This is complementary information to the poster :
Putting research into practice: Identification of Haemonchus contortus in routine diagnostics
Poster nr 101
Full title: IDENTIFICATION OF HAEMONCHUS CONTORTUS ON EGGS USING REAL TIME PCR IN ROUTINE DIAGNOSTICS
Authors: Sara Hägglund, Bitte Ljungström, Pia Svedberg, Mikael Juremalm. Vidilab Enköping Sweden.
Conclusions
PCR provided a higher sensitivity allowing detection of lower infection burden of H.contortus compared to culturing. The ability to diagnose samples using parasite eggs, without the need of cultivation, shortens the time needed for analyses from 7+ to 2 days allowing faster diagnosis and ability to treat the affected animals in time. The method has been implemented into the daily routine diagnostics at Vidilab.
Introduction
Haemonchus contortus is one of the most pathogenic parasites in small ruminants. In Sweden testing for parasites of sheep is routine. Today most samples are analysed using McMaster flotation and if needed followed by larval cultivation (7+ days) and morphologic identification of L3 larvae for confirmation. The goal of the project was to find a faster way to confirm infection of H.contortus providing faster diagnosis to the farmer/veterinarian.
Materials and methods
Faeces were collected from routine sampling (n = 151). Samples were analysed by McMaster flotation, larval cultivation and PCR. Eggs were purified and concentrated by flotation with saturated NaCl-solution and washed with PBS. DNA extraction were done by bead beating and automated magnetic extraction. Amplification were done by rtPCR with primers and probes described by Reslova et al. (2021).
Laboratory Flow Chart
Results
Using clustered multiple comparison the cut off was set to a Cq-value of 32. Samples with a value of ≤ 32 were considered positive.

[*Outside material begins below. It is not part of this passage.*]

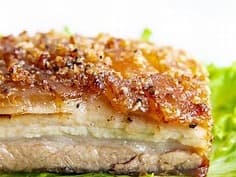 Tender Pork Belly with crunchy crackle. This dish is scented with fennel & sage and has cinnamon overtones. Served on vegetables with our homemade apple chutney (Chutney contains gluten)

Among 151 samples, 40 were positive using larval cultivation. Using PCR, 52 samples were found to be positive for H.contortus. Of the 40 samples found positive using larval culture, 36 were found positive using PCR. The remaining 16 positive PCR samples were not detected using larval culture.
The sensitivity of the PCR-method was 90 % compared to culturing. However, considering that all PCR positive were true positive, the sensitivity of culturing was 71 %.
References
Nikol Reslova, Lucie Skorpikova, Iveta Angela Kyrianova, Jaroslav Vadlejch, Johan Höglund, Philip Skuce, Martin Kasny.
The identification and semi-quantitative assessment of gastrointestinal nematodes in faecal samples using multiplex real-time PCR assays. Parasit Vectors. 2021 Aug 9;14(1):391.